Le taux de chômage de la zone euro, qui a atteint 7,3% en avril, pourrait être sous-estimé

Les chiffres du chômage livrés par Eurostat font état d’une hausse en avril, mais il est fort probable que le nombre réel de chômeurs soit beaucoup plus important que ce qu’indiquent les statistiques. Un article d’Euractiv Italie.

En avril, deuxième mois au cours duquel des mesures de confinement ont été mises en œuvre pour contrer la propagation du coronavirus, le taux de chômage corrigé des variations saisonnières s’est établi à 7,3 % dans la zone euro. En mars, il s’élevait à 7,1 %. Il a également augmenté au sein de l’UE27, passant de 6,4 % en mars à 6,6 % en avril.

Ces résultats proviennent de la dernière enquête d’Eurostat qui photographie la situation du chômage en Europe.

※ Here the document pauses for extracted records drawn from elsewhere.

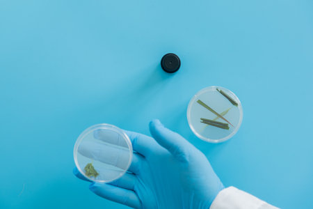 scientist holding a petri dish with plant on blue background
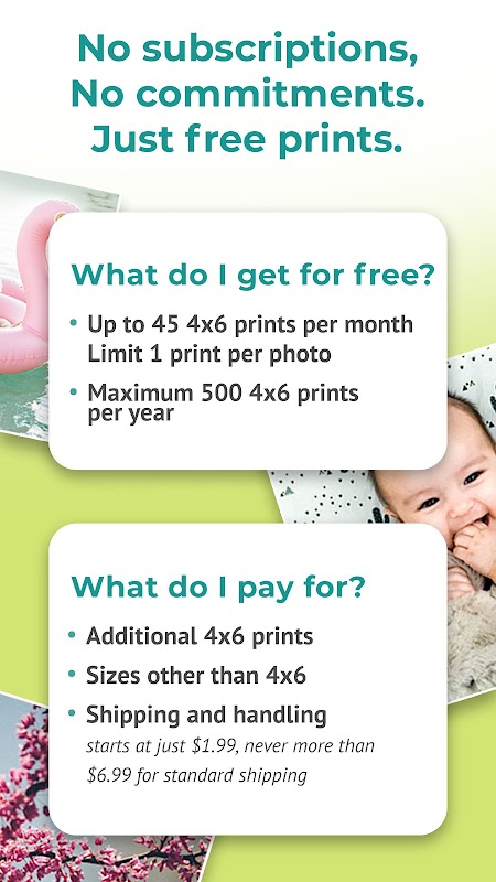 Print up to 500 4x6 photos a year for FREE! No subscriptions. No commitments.™
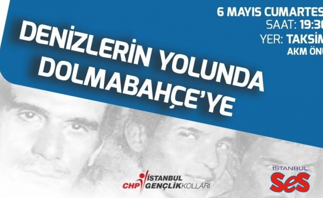 Taksim’de bulunan Atatürk Kültür Merkezi önünde bir araya gelecek CHP’li gençler, yürüyüşün ardından 6. Filo protestolarının gerçekleştirildiği Dolmabahçe’de anma töreni düzenleyecek. CHP İstanbul İl Gençlik Örgütü Başkanı Kenan Otlu, 6 Mayıs Cumartesi saat 19.30’da gerçekleştirilecek yürüyüş için yaptığı çağrıda, “Taksim’den Dolmabahçe’ye Denizlerin yolunda yürümek için tüm halkımızı bu davaya omuz vermeye davet ediyoruz” dedi.
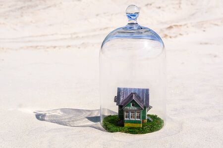 toy cardboard house with green lawn protected by a glass dome cloche among of a lifeless sand desert
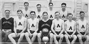 In the 1929–30 season, Charles Bassett took over as head coach, leaving the head coaching job at Texas A&M that he held for two years without finding much success, going a paltry 16–18 (5–15) in his two years as head coach in College Station, including a last-place finish in conference play for the 1927–28 Southwest Conference season.[10][11] Arkansas's success under Bassett was limited to his first season as coach, when the Hogs won the Southwest Conference Championship with multi-sport star and current College Football Hall of Fame member Wear Schoonover garnering Second-Team All-American recognition from College Humor and earning First-Team All-SWC honors for the third straight season.[12] The Razorbacks did not finish above third place in the Southwest Conference standings for the rest of Bassett's tenure. Aside from the SWC Championship in 1930, the other major bright spot in Bassett's tenure came on January 8, 1931, when the Razorbacks defeated rival Texas, 29–21, the day UT dedicated its new gym.[13] Bassett's last season was the 1932–33 season, when the Razorbacks went 14–7 overall with a 6–6 conference record, the first time since the inaugural 1923–24 season that the Hogs did not finish the year with a winning record in conference play.[6] After four seasons, Bassett's overall record was 62–29 (.681).[9]
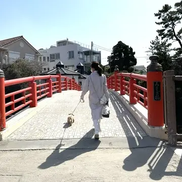 食後は海でお散歩&砂浜から続く「みそぎ橋」を渡り森戸神社でお参り。
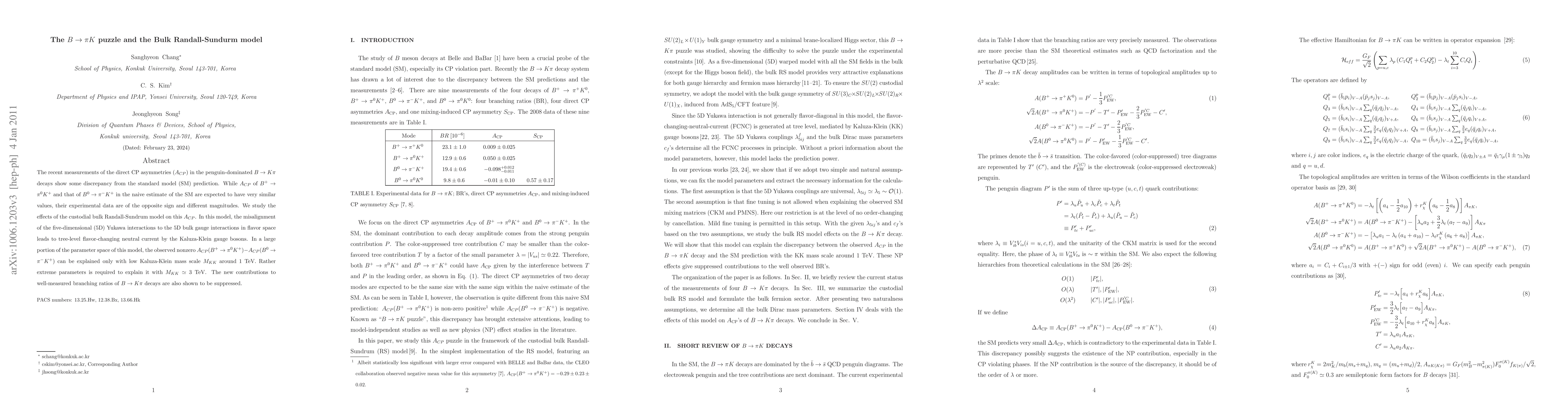 This paper investigates the discrepancy between experimental and standard model predictions in CP asymmetries for $B\to K \pi$ decays, proposing the custodial bulk Randall-Sundrum model as a potential explanation. The model's misalignment of 5D Yukawa and gauge interactions can explain the observed CP asymmetry differences with a low Kaluza-Klein mass scale around 1 TeV.

C’est l’Espagne qui affiche le taux le plus élevé de l’UE avec 14,8%, suivie de la Lettonie (9%) et de Chypre (8,9%). En Italie, le taux de chômage atteint 6,3%.

Ces données posent certains problèmes, en particulier dans le cas de l’Italie pour laquelle elles indiquent un taux de chômage relativement faible. Cela tient au fait que ces statistiques ne prennent pas en compte une certaine catégorie de la population : celle des personnes qui ne s’inscrivent pas dans les centres pour l’emploi, car elles estiment qu’une telle démarche ne changera rien à leur situation personnelle.

Les données fournies par l’office statistique de l’Union européenne pourraient donc être très largement sous-estimées, dans certains cas tout au moins.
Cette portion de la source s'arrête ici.